The medical students seemed to be clinically interested in what was going on, but they were easily distracted by my presence and offered me the better view of the organs being tied off and extracted. I deferred in Chinese and they laughed that I assumed they were from here. ‘Why does he think we speak Chinese?’ they guffawed as they introduced themselves. Of course, their Chinese is better than mine, and I’m sure they know all the characters the body parts being removed from the carcass hanging in front of us. I wonder if they would be as amused as I was by the man who refused to stop smoking while he picked up his prescriptions from the pharmacist.
Back to Saturday, it was a day with plenty of weddings. I ran across more than one on my stroll.
This inspired me to pay a bit more attention to the fashions of Nanchang—again, a bit less developed than Wuhan. Taking inspiration from my friend Tricia, I tried to document a few of the ladies’ choices. I don’t have her moxy (or her language skills), so many of my attempts are blurry. But plenty of people wearing exciting patterns have their noses in their cellphones, so that makes it easier to capture them.
Shiny pants and platform sneaker girl is blown up from a wider shot.
And I’m pretty sure these girls were getting ready to pose as a group for me after I caught their friend preening in her thigh-highs and new winter coat. They looked a little disappointed when I walked away after getting the thumbs up to take the photo. Bus stops are a pretty good place to get these pictures without being noticed.
In addition to these exciting tights and fur vest, I was able to get a shot of a whole other group of folks concentrating on their phones. Don’t think that I’m only after the ladies. The men are harder capture, and many are reluctant or annoyed. The army officer husband of one of the librarians refused to be in our post-lunch group shop, and even refused to sit at the same table with us because he wasn’t feeling well. I was grateful for his concern about being contagious, but wonder if his reluctance was really because he came to the restaurant still wearing his quilted pajamas. But again, waiting for transit is a great place to spot things like buff middle-aged men showing off their biceps.
And my new friend Dilly, the Brazilian owner of Klaus’s favorite bar where we had our victory drinks last night, was only too happy to pose with his Chinese wife Baby after serenading me with Bessame Mucho and The Girl from Iponima. I have no idea how to spell bessame or Iponima—sorry.

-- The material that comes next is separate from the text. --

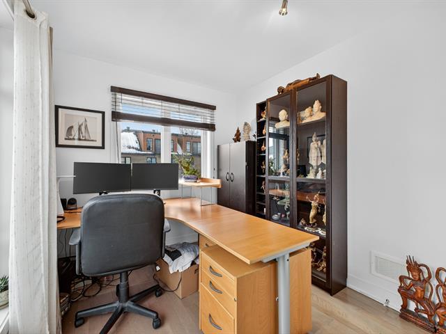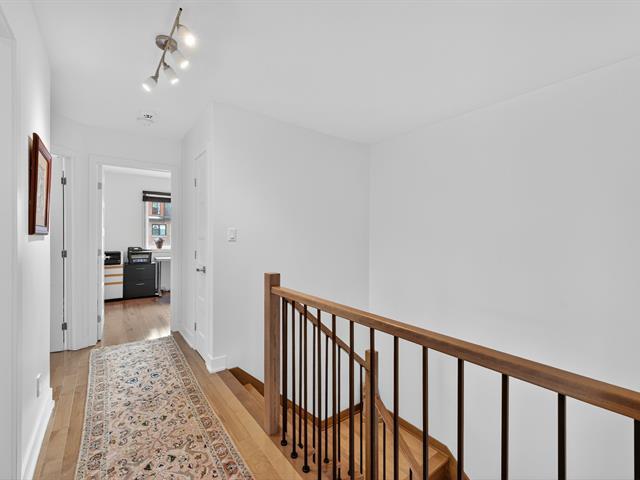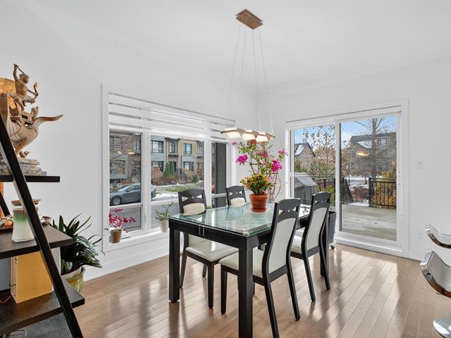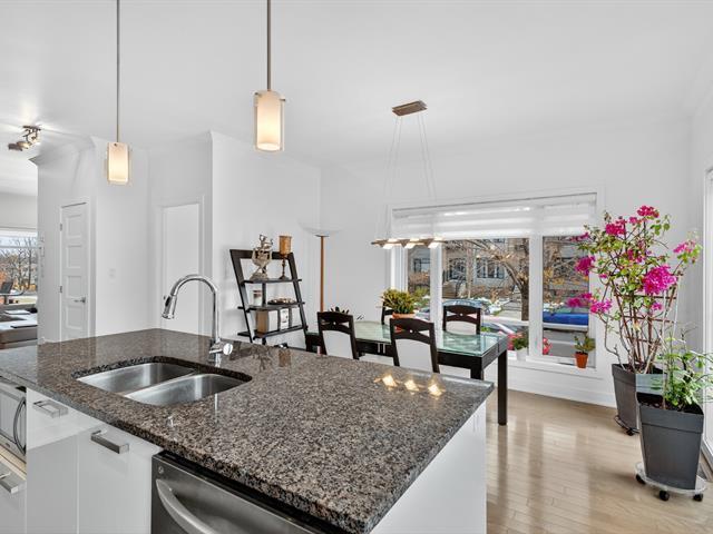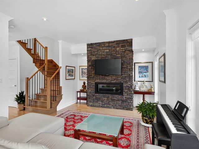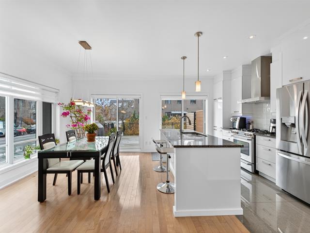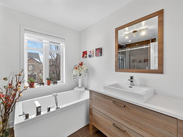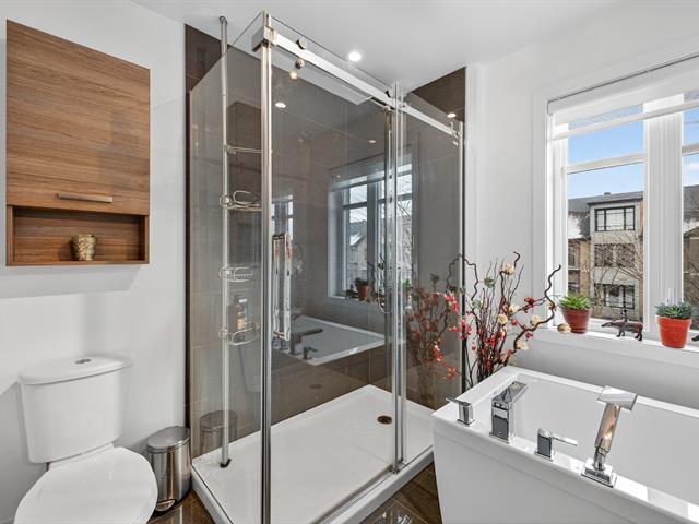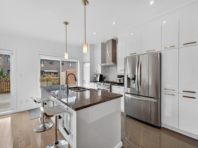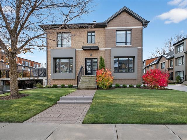Magnificent contemporary townhouse located in the Quorum Highland development. This corner unit offers exceptional natural light thanks to its large windows and 9-foot ceilings on the ground floor. It includes 3 bedrooms, including a master suite with a huge walk-in closet, 2 full bathrooms, and a powder room. The modern kitchen with quartz island offers abundant storage and a convivial space opening onto the huge outdoor terrace. The finished basement offers a family room and direct access to the double garage. Located in a peaceful area, near the Lachine Canal and 10 minutes from downtown. A must-see! (44886268)

My three days in Nanchang went better than expected, even though I’m still pretty unsure how two of the three libraries operate. I never did get to go into the pagoda which is the city’s symbol and is somehow related to (featured in?) a Wang Bo poem.
But I did get to walk through Ba Yi Park, which the Lonely Planet seems to think is the only worthwhile part of Nanchang.
It was awfully pleasant, filled with many of the features typical of the Chinese city park.
But there’s a lot more on offer in this city that is changing just as rapidly as anyplace else in China. The things that don’t change however are the ways that people use their public spaces to entertain themselves with Chinese chess…
…and never-ending card games that hold the undivided attention of the old men.
And of course, other traditions are present as well.
And less you think I’m kidding about visiting libraries, I’ll leave you with this image from the corner library room at Uncle Sam’s English School. As you know dear reader, I also love treasure hunts.